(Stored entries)
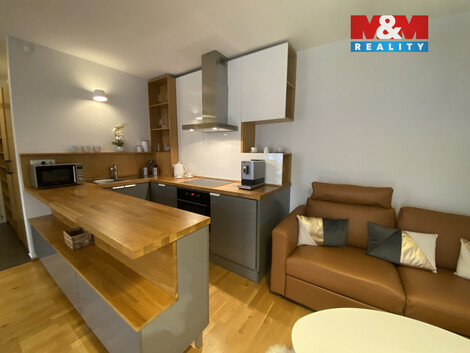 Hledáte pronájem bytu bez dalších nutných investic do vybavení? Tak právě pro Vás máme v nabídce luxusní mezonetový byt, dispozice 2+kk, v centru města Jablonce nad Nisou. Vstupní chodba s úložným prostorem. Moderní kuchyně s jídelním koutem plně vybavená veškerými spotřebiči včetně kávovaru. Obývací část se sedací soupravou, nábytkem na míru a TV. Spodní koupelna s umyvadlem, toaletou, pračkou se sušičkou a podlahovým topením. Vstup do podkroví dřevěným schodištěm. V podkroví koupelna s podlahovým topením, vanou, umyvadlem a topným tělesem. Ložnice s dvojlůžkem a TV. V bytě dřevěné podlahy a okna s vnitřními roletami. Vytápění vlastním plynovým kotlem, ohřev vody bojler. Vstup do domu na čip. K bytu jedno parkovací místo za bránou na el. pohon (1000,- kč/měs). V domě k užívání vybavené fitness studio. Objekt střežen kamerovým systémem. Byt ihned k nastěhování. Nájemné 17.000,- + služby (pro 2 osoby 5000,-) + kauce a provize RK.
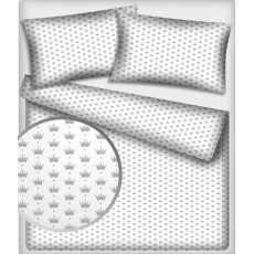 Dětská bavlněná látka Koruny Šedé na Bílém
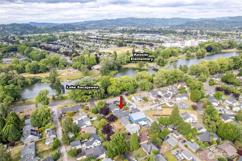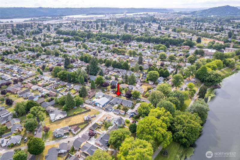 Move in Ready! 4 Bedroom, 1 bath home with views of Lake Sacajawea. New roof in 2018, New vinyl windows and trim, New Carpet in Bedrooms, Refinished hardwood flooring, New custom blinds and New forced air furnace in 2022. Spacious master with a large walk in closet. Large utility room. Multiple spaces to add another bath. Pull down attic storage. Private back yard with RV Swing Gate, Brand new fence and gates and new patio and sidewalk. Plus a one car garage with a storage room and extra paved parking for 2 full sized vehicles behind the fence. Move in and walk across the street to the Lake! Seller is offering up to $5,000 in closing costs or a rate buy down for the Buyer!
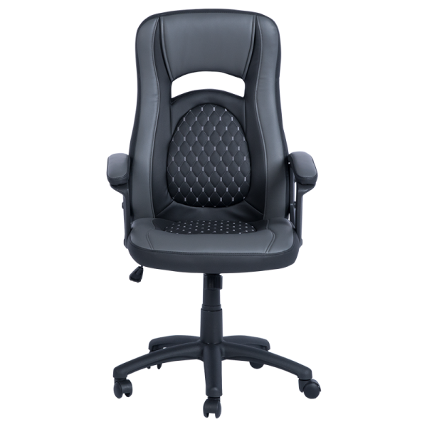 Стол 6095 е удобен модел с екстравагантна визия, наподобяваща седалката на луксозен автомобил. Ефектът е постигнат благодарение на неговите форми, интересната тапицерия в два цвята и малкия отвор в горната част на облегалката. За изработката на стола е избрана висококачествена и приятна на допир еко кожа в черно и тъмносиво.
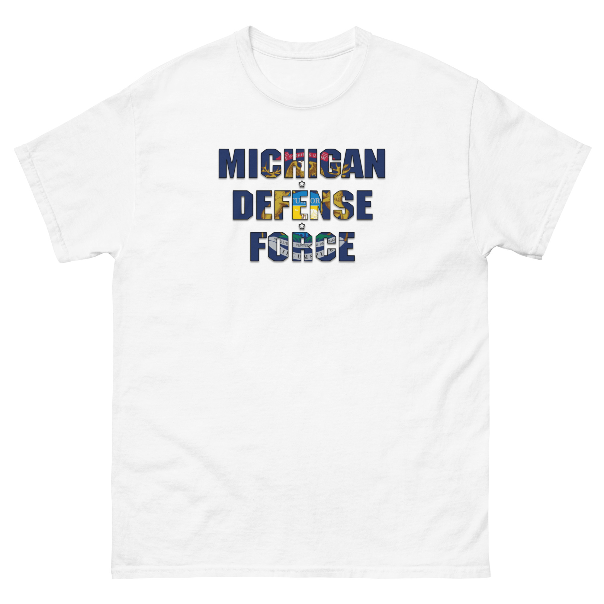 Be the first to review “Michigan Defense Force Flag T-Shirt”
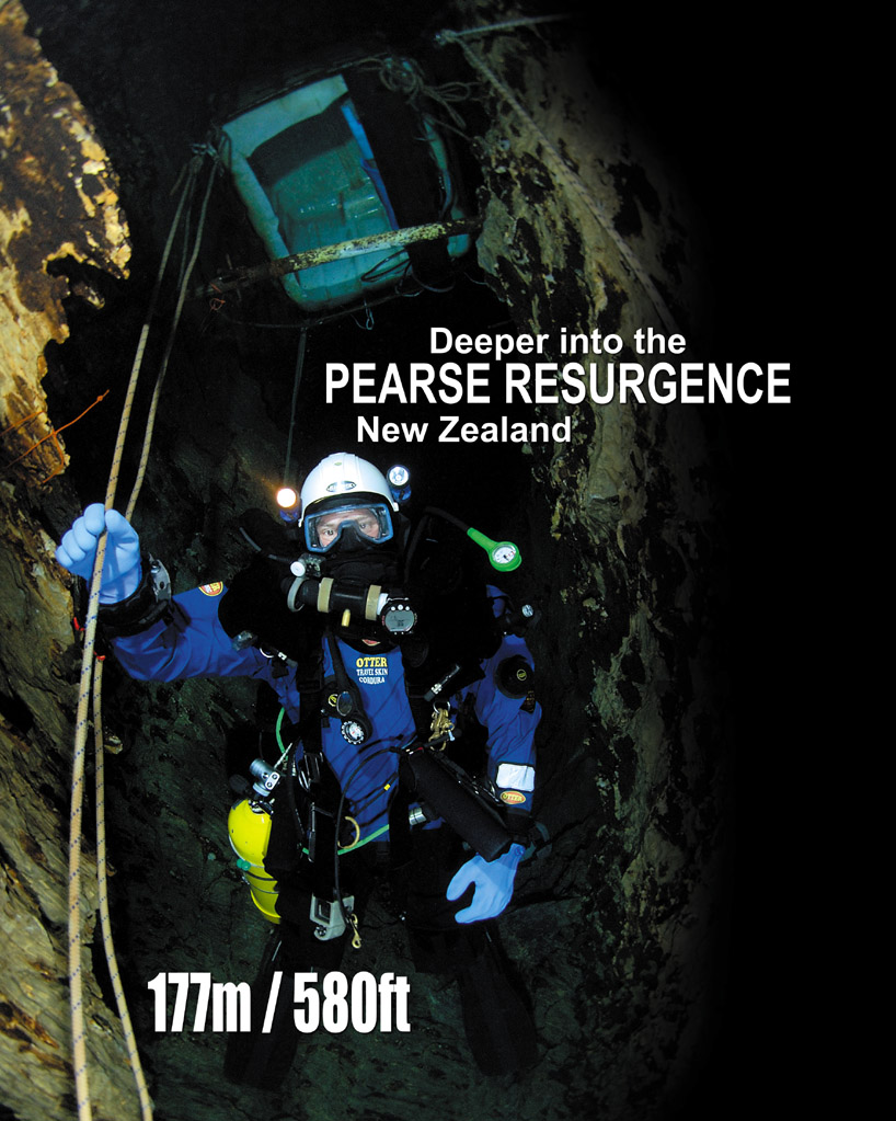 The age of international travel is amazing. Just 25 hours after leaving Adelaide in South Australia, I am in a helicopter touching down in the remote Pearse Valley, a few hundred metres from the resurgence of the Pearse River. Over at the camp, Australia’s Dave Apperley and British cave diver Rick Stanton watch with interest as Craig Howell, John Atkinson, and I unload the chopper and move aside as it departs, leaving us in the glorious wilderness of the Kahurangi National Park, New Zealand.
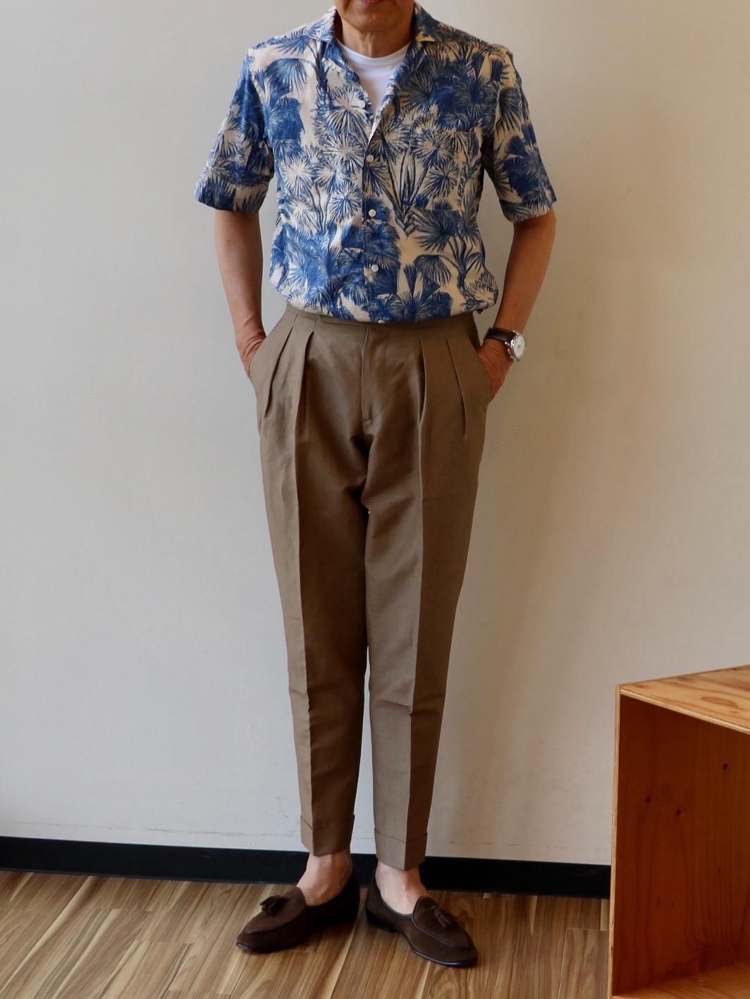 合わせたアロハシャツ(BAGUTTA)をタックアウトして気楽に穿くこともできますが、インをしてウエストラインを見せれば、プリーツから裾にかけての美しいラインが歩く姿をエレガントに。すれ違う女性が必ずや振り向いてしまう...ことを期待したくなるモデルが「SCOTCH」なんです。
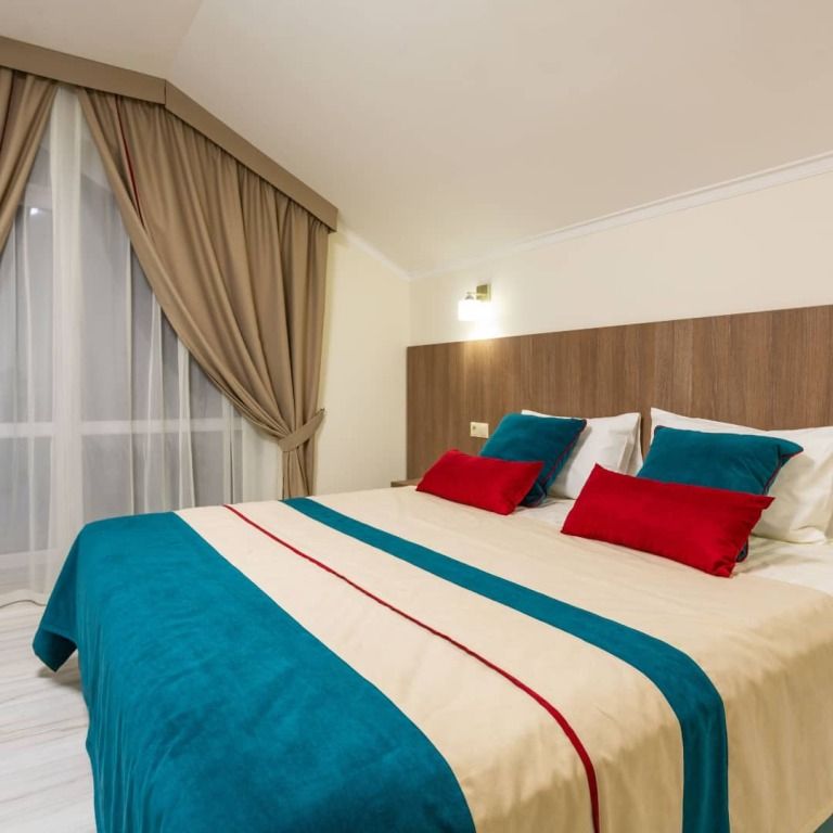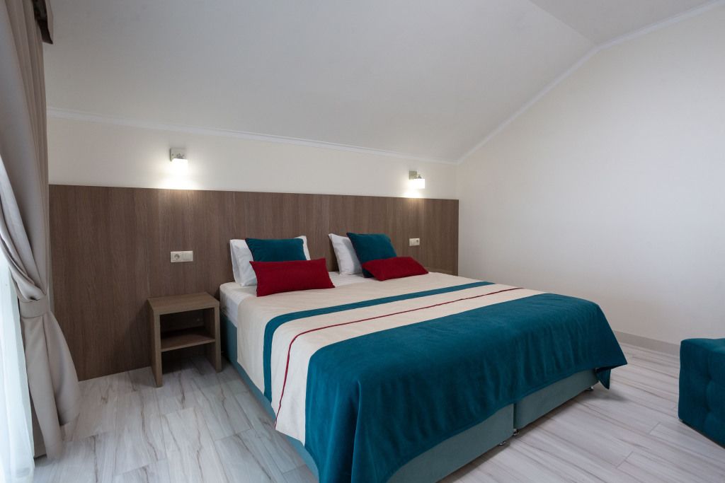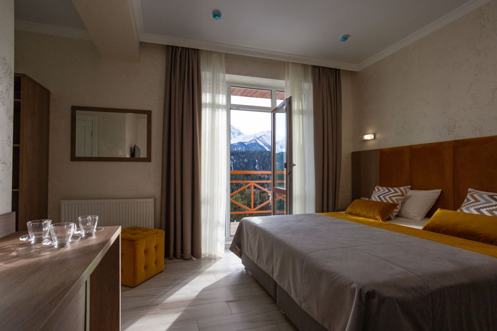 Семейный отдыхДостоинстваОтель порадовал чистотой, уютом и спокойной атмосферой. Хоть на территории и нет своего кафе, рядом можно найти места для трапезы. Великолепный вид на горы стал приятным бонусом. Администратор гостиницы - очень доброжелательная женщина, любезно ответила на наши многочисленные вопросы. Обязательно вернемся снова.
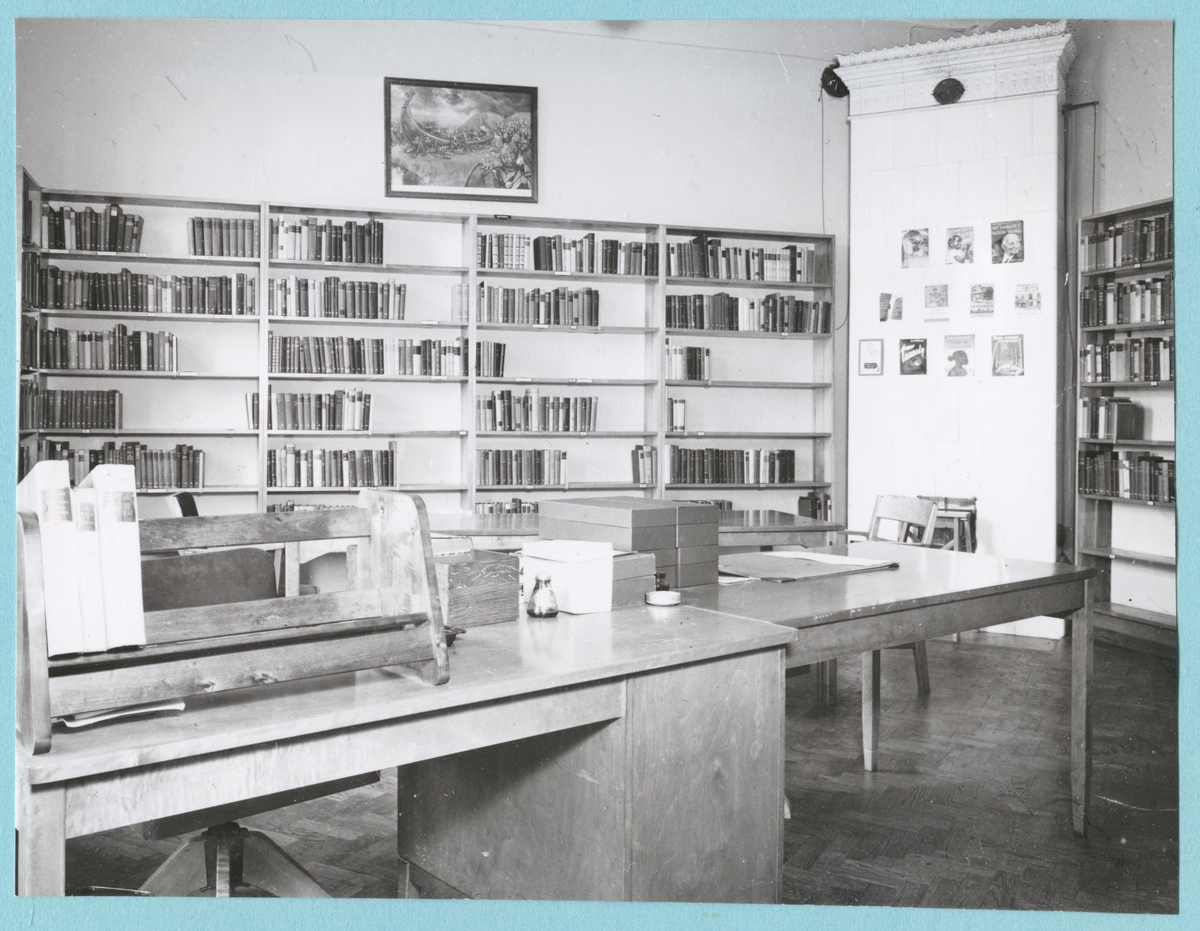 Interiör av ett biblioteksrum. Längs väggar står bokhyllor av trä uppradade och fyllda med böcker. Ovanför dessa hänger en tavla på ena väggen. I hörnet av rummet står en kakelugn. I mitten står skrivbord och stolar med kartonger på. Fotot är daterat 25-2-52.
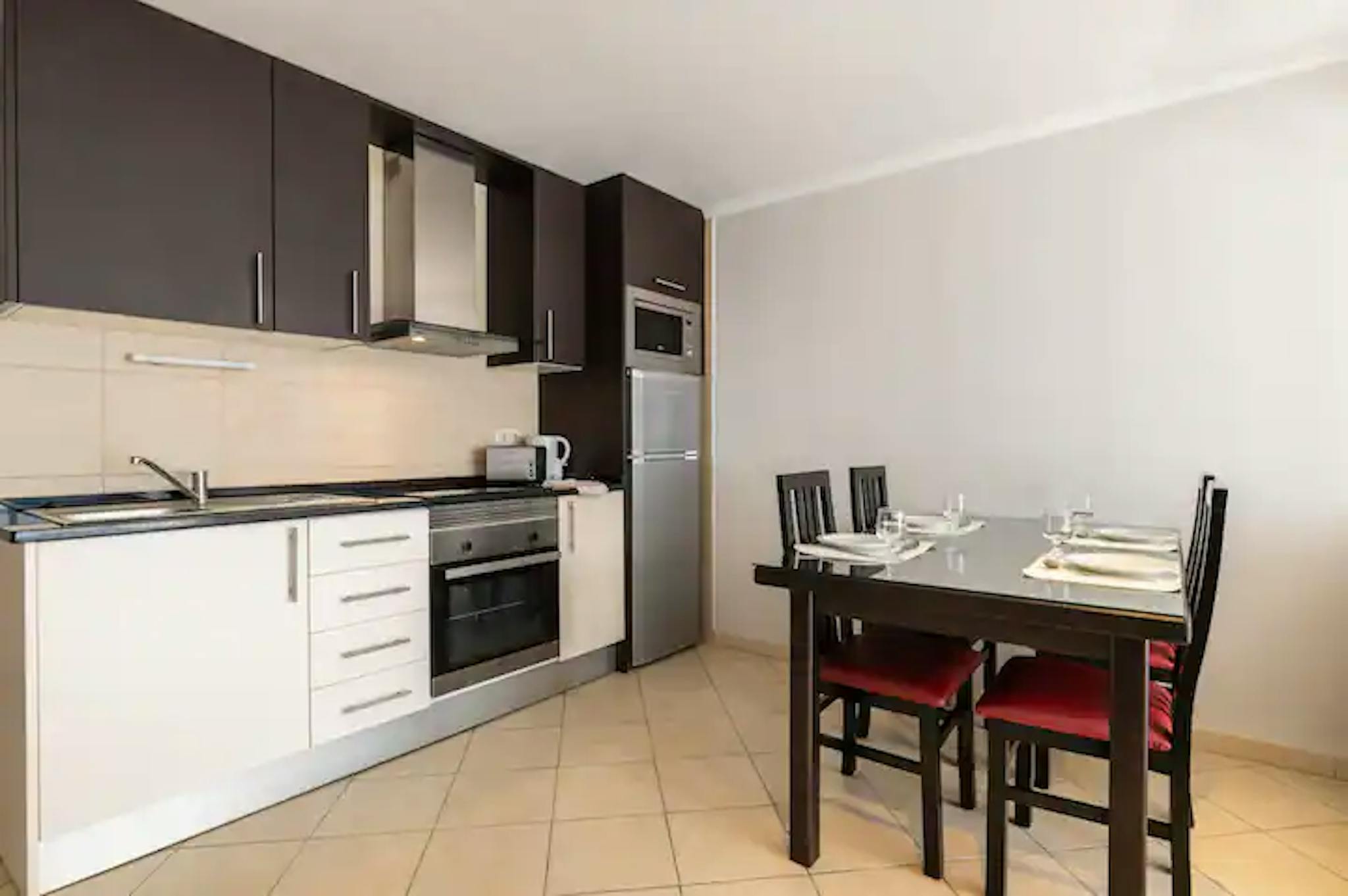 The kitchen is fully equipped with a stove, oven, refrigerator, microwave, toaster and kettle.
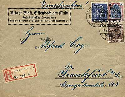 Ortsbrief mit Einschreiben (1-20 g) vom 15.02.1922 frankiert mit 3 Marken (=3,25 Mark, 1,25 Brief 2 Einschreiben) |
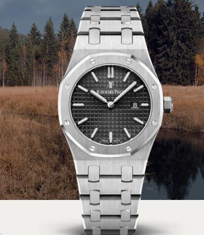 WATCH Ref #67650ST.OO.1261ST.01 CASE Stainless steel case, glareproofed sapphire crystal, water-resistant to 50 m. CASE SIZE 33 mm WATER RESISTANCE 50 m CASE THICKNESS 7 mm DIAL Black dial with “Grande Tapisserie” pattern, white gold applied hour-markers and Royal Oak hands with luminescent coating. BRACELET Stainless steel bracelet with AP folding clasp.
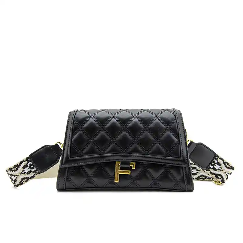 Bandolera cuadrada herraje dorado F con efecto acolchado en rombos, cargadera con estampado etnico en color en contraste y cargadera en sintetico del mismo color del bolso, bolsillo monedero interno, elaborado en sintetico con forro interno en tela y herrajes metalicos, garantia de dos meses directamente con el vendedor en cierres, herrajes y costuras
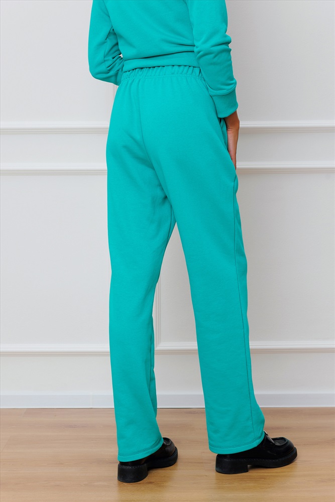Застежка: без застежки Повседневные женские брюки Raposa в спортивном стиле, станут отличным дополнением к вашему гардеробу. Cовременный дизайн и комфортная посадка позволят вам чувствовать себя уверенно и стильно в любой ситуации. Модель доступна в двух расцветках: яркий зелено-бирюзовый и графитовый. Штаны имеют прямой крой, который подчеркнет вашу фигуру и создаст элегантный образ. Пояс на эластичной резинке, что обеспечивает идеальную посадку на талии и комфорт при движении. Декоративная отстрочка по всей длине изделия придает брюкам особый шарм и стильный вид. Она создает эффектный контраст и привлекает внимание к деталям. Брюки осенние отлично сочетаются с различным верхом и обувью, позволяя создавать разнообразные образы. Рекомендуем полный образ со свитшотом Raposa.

▶ [Task brief]
Skipping the pictures, output the entries exactly as they appear above.

▶ [Written answer]
 Hledáte pronájem bytu bez dalších nutných investic do vybavení? Tak právě pro Vás máme v nabídce luxusní mezonetový byt, dispozice 2+kk, v centru města Jablonce nad Nisou. Vstupní chodba s úložným prostorem. Moderní kuchyně s jídelním koutem plně vybavená veškerými spotřebiči včetně kávovaru. Obývací část se sedací soupravou, nábytkem na míru a TV. Spodní koupelna s umyvadlem, toaletou, pračkou se sušičkou a podlahovým topením. Vstup do podkroví dřevěným schodištěm. V podkroví koupelna s podlahovým topením, vanou, umyvadlem a topným tělesem. Ložnice s dvojlůžkem a TV. V bytě dřevěné podlahy a okna s vnitřními roletami. Vytápění vlastním plynovým kotlem, ohřev vody bojler. Vstup do domu na čip. K bytu jedno parkovací místo za bránou na el. pohon (1000,- kč/měs). V domě k užívání vybavené fitness studio. Objekt střežen kamerovým systémem. Byt ihned k nastěhování. Nájemné 17.000,- + služby (pro 2 osoby 5000,-) + kauce a provize RK.
 Dětská bavlněná látka Koruny Šedé na Bílém
 Move in Ready! 4 Bedroom, 1 bath home with views of Lake Sacajawea. New roof in 2018, New vinyl windows and trim, New Carpet in Bedrooms, Refinished hardwood flooring, New custom blinds and New forced air furnace in 2022. Spacious master with a large walk in closet. Large utility room. Multiple spaces to add another bath. Pull down attic storage. Private back yard with RV Swing Gate, Brand new fence and gates and new patio and sidewalk. Plus a one car garage with a storage room and extra paved parking for 2 full sized vehicles behind the fence. Move in and walk across the street to the Lake! Seller is offering up to $5,000 in closing costs or a rate buy down for the Buyer!
 Стол 6095 е удобен модел с екстравагантна визия, наподобяваща седалката на луксозен автомобил. Ефектът е постигнат благодарение на неговите форми, интересната тапицерия в два цвята и малкия отвор в горната част на облегалката. За изработката на стола е избрана висококачествена и приятна на допир еко кожа в черно и тъмносиво.
 Be the first to review “Michigan Defense Force Flag T-Shirt”
 The age of international travel is amazing. Just 25 hours after leaving Adelaide in South Australia, I am in a helicopter touching down in the remote Pearse Valley, a few hundred metres from the resurgence of the Pearse River. Over at the camp, Australia’s Dave Apperley and British cave diver Rick Stanton watch with interest as Craig Howell, John Atkinson, and I unload the chopper and move aside as it departs, leaving us in the glorious wilderness of the Kahurangi National Park, New Zealand.
 合わせたアロハシャツ(BAGUTTA)をタックアウトして気楽に穿くこともできますが、インをしてウエストラインを見せれば、プリーツから裾にかけての美しいラインが歩く姿をエレガントに。すれ違う女性が必ずや振り向いてしまう...ことを期待したくなるモデルが「SCOTCH」なんです。
 Семейный отдыхДостоинстваОтель порадовал чистотой, уютом и спокойной атмосферой. Хоть на территории и нет своего кафе, рядом можно найти места для трапезы. Великолепный вид на горы стал приятным бонусом. Администратор гостиницы - очень доброжелательная женщина, любезно ответила на наши многочисленные вопросы. Обязательно вернемся снова.
 Interiör av ett biblioteksrum. Längs väggar står bokhyllor av trä uppradade och fyllda med böcker. Ovanför dessa hänger en tavla på ena väggen. I hörnet av rummet står en kakelugn. I mitten står skrivbord och stolar med kartonger på. Fotot är daterat 25-2-52.
 The kitchen is fully equipped with a stove, oven, refrigerator, microwave, toaster and kettle.
 Ortsbrief mit Einschreiben (1-20 g) vom 15.02.1922 frankiert mit 3 Marken (=3,25 Mark, 1,25 Brief 2 Einschreiben) |
 WATCH Ref #67650ST.OO.1261ST.01 CASE Stainless steel case, glareproofed sapphire crystal, water-resistant to 50 m. CASE SIZE 33 mm WATER RESISTANCE 50 m CASE THICKNESS 7 mm DIAL Black dial with “Grande Tapisserie” pattern, white gold applied hour-markers and Royal Oak hands with luminescent coating. BRACELET Stainless steel bracelet with AP folding clasp.
 Bandolera cuadrada herraje dorado F con efecto acolchado en rombos, cargadera con estampado etnico en color en contraste y cargadera en sintetico del mismo color del bolso, bolsillo monedero interno, elaborado en sintetico con forro interno en tela y herrajes metalicos, garantia de dos meses directamente con el vendedor en cierres, herrajes y costuras
Застежка: без застежки Повседневные женские брюки Raposa в спортивном стиле, станут отличным дополнением к вашему гардеробу. Cовременный дизайн и комфортная посадка позволят вам чувствовать себя уверенно и стильно в любой ситуации. Модель доступна в двух расцветках: яркий зелено-бирюзовый и графитовый. Штаны имеют прямой крой, который подчеркнет вашу фигуру и создаст элегантный образ. Пояс на эластичной резинке, что обеспечивает идеальную посадку на талии и комфорт при движении. Декоративная отстрочка по всей длине изделия придает брюкам особый шарм и стильный вид. Она создает эффектный контраст и привлекает внимание к деталям. Брюки осенние отлично сочетаются с различным верхом и обувью, позволяя создавать разнообразные образы. Рекомендуем полный образ со свитшотом Raposa.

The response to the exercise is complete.